Terrifier 3 (2024)

JULIA, I THOUGHT I TOLD YOU TO STAY OUT OF MY—

Bloody sounds. Ooey, gooey, blood spurty sounds. Cue audience members walking out in disgust. For good reason, I guess. At the same time, I don’t get it.

Art the Clown is back in this third installment of what can only be described as the new killer on the block. I’ll keep spoilers to a minimum, suffice it to say it would surely help to see the first two films before hop-scotching to the theater. After you see the first two, hopscotch as fast as you can.

Lauren LaVera returns as the most badass horror heroine you’ve seen in this century as Sienna Shaw, a survivor of Art’s heinous attacks. (When I say heinous I mean vomit-inducing). David Howard Thornton returns with even more mime characteristics as Art the Clown, but he brings a gruesome depth and humanity he hasn’t shown before. What other horror film killer relies on public transportation? As Sienna recovers from the events of “Terrifier 2,” Art and his disfigured cohort come back twofold. So the film asks one simple question: can Sienna save the world from Art the Clown before it’s too late?

Damien Leone has an odd and off-key visual style that separates him from the other splatter horror flicks that are saturated Shudder, The Asylum, Tubi, etc. There’s not necessarily anything wrong with those films, but a passion is certainly missing. Leone’s fingerprint of love is stamped on every frame, down to his fictional signature “D. Leoné” perfume Gabbie sniffs. The lighting is stark and strange, borderline (but not quite) giallo: spotlights over characters, bright reds, and greens as a backlight, the Argento classics. It’s a visual feast.

Speaking of feast, I’ll just say this about the gore: Leone is an up-and-coming Herschell-pioneering Wizard of Gore, with a nod/cameo from none other than Tom Savini.

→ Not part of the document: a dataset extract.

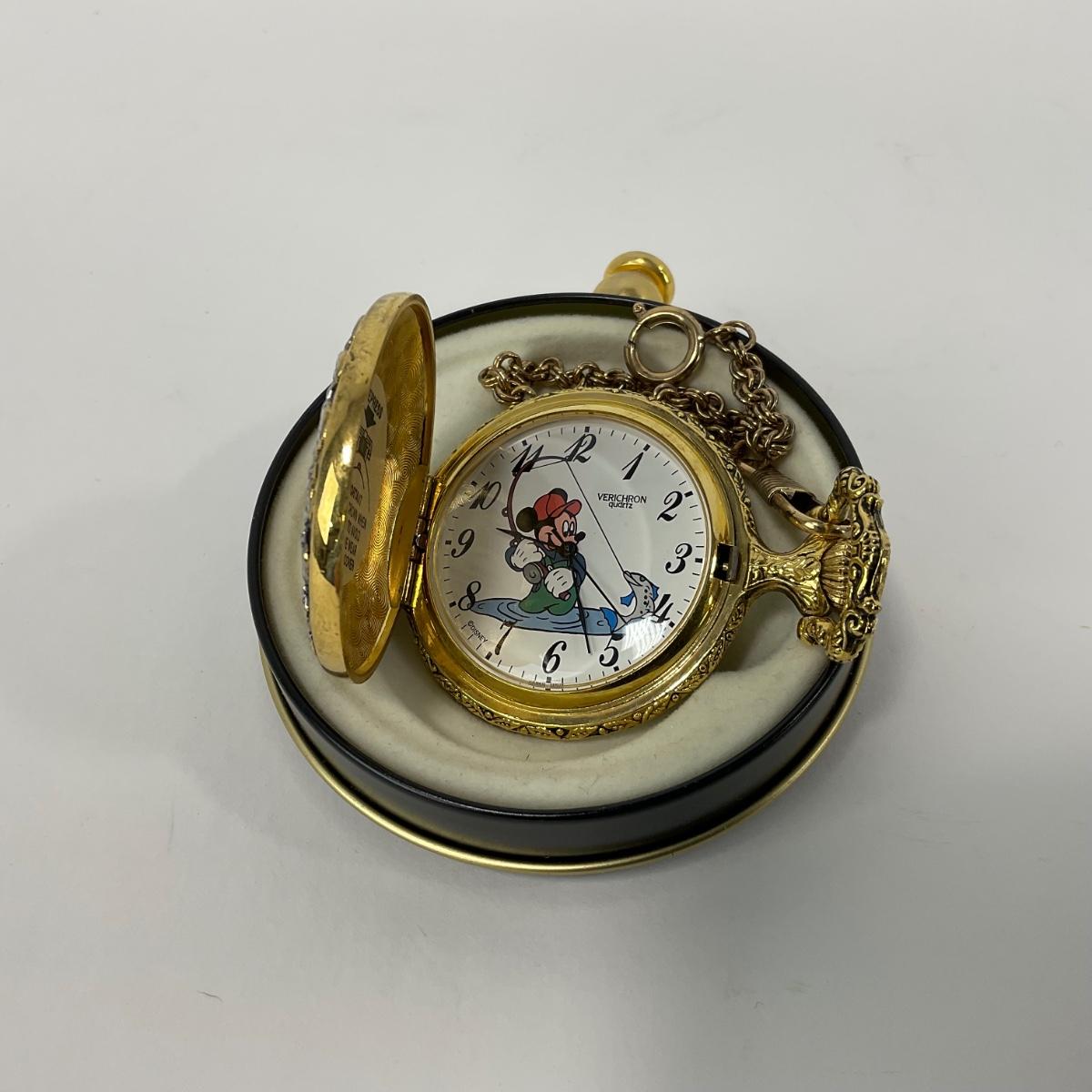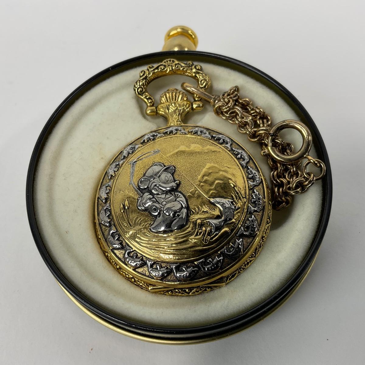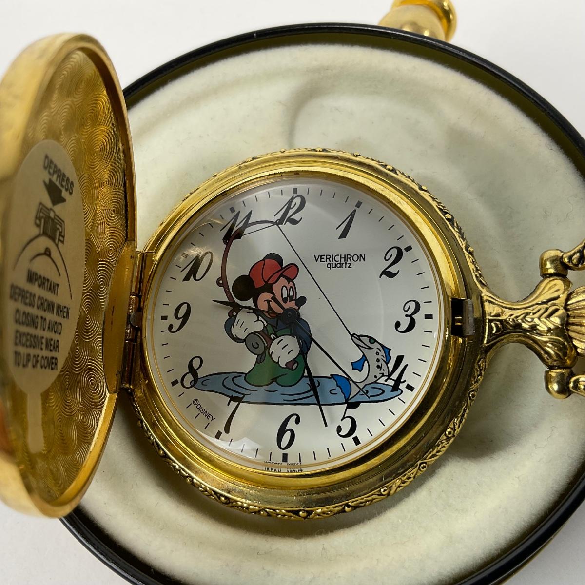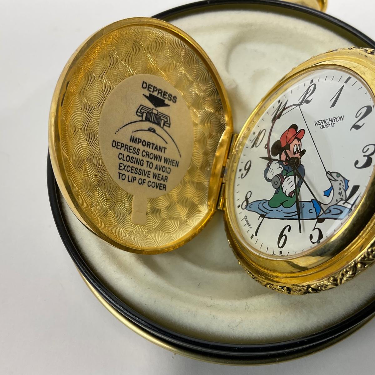-72- POCKET WATCH | Verichron Mickey Mouse Fishing Quartz Japan

The effects are over the top and (since I’ve never actually chainsawed a dude down the middle) goofy to say the least, I still felt nauseous.

That was, of course, on my second viewing. This film isn’t groundbreaking when it comes to the story. But as of the writing of this review, it’s made over $55 million on a $2 million budget, and as a not-rated film, that’s groundbreaking in film history. Check this gorefest out. Or don’t. It’s honestly up to you. But this film made history, and that’s something that facts simply cannot deny.